Provided data:

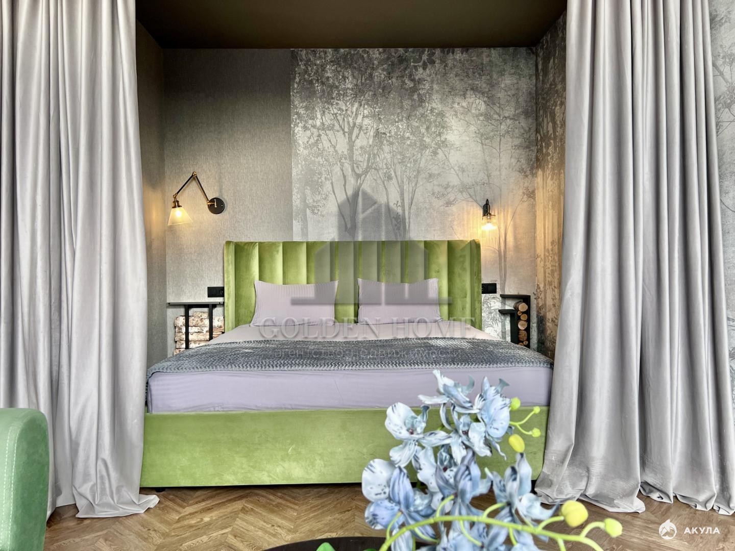 В зоне алькова особый уют создает красавица кровать евро макси размера с велюровой, сочной обивкой, ортопедическим матрасом, гипоаллергенными подушками и шелковистым постельным бельем. А так же заботящиеся о вашем глубоком сне бархатные шторы, удобные светильники с лампами Эдисона и прикроватные полки-мини дровницы, подчеркивающие экологичность интерьера и близость Юнтоловского заповедника.
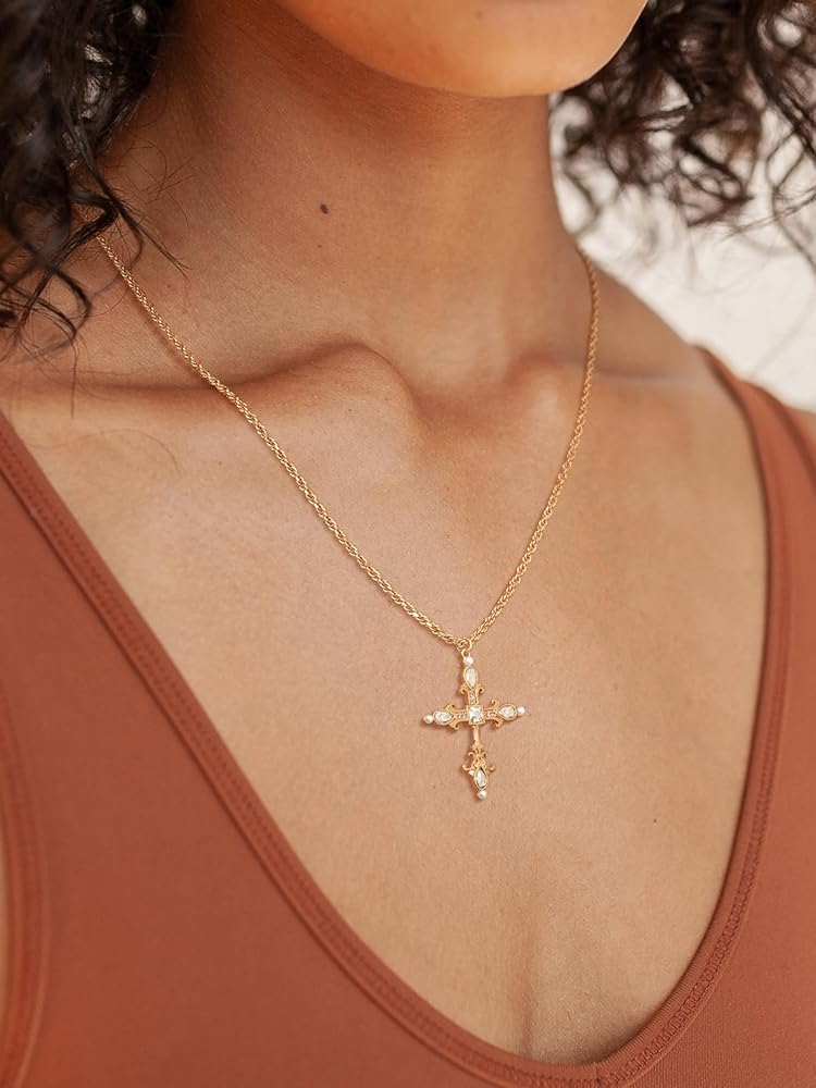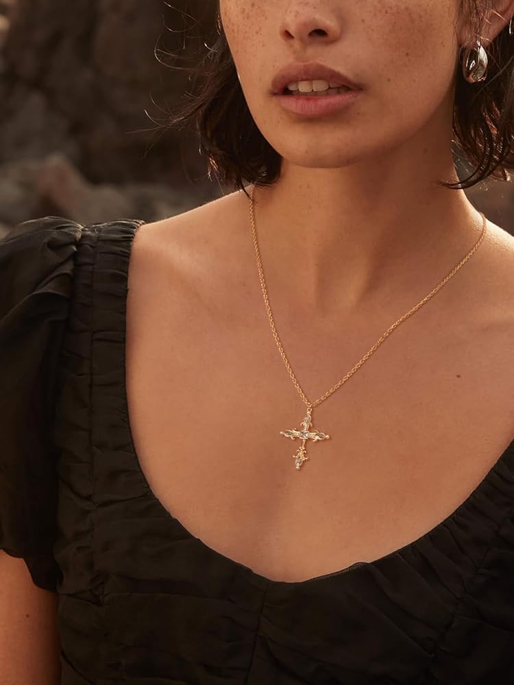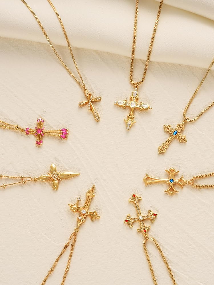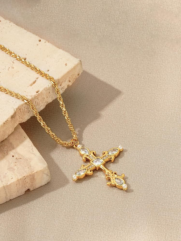 قلادة متقاطعة مطلية بالذهب: مصنوعة بدقة، القلادة الخاصة بنا مزينة بالزركونيا المكعبة الزرقاء ومطلية بطلاء ذهبي عيار 14 قيراط على النحاس عالي الجودة. وهذا يضمن لمسة نهائية طويلة الأمد وخالية من النيكل والرصاص ولا تسبب الحساسية، مما يوفر متانة وأناقة استثنائيين.
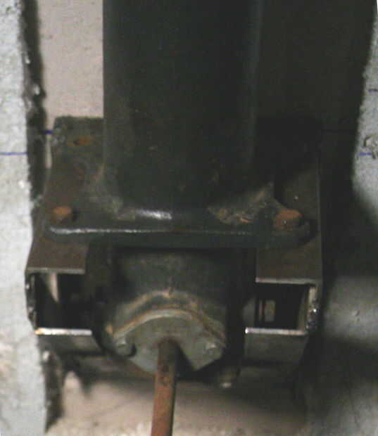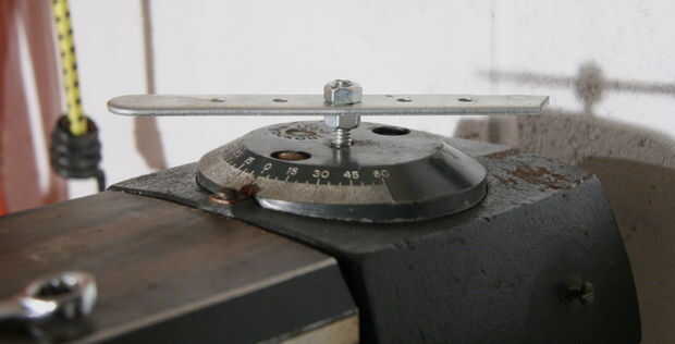 Había montado este sierra contra la pared de mi garaje solo. Mi trabajo de encargo del montaje se realizó con la intención de girar el brazo de la sierra fuera del camino cuando no está en uso. El problema era el eje y manivela para ajustar la altura de la sierra.

Task details: Go through the material above and retype every line exactly, without the images.

Result for this task:
 В зоне алькова особый уют создает красавица кровать евро макси размера с велюровой, сочной обивкой, ортопедическим матрасом, гипоаллергенными подушками и шелковистым постельным бельем. А так же заботящиеся о вашем глубоком сне бархатные шторы, удобные светильники с лампами Эдисона и прикроватные полки-мини дровницы, подчеркивающие экологичность интерьера и близость Юнтоловского заповедника.
 قلادة متقاطعة مطلية بالذهب: مصنوعة بدقة، القلادة الخاصة بنا مزينة بالزركونيا المكعبة الزرقاء ومطلية بطلاء ذهبي عيار 14 قيراط على النحاس عالي الجودة. وهذا يضمن لمسة نهائية طويلة الأمد وخالية من النيكل والرصاص ولا تسبب الحساسية، مما يوفر متانة وأناقة استثنائيين.
 Había montado este sierra contra la pared de mi garaje solo. Mi trabajo de encargo del montaje se realizó con la intención de girar el brazo de la sierra fuera del camino cuando no está en uso. El problema era el eje y manivela para ajustar la altura de la sierra.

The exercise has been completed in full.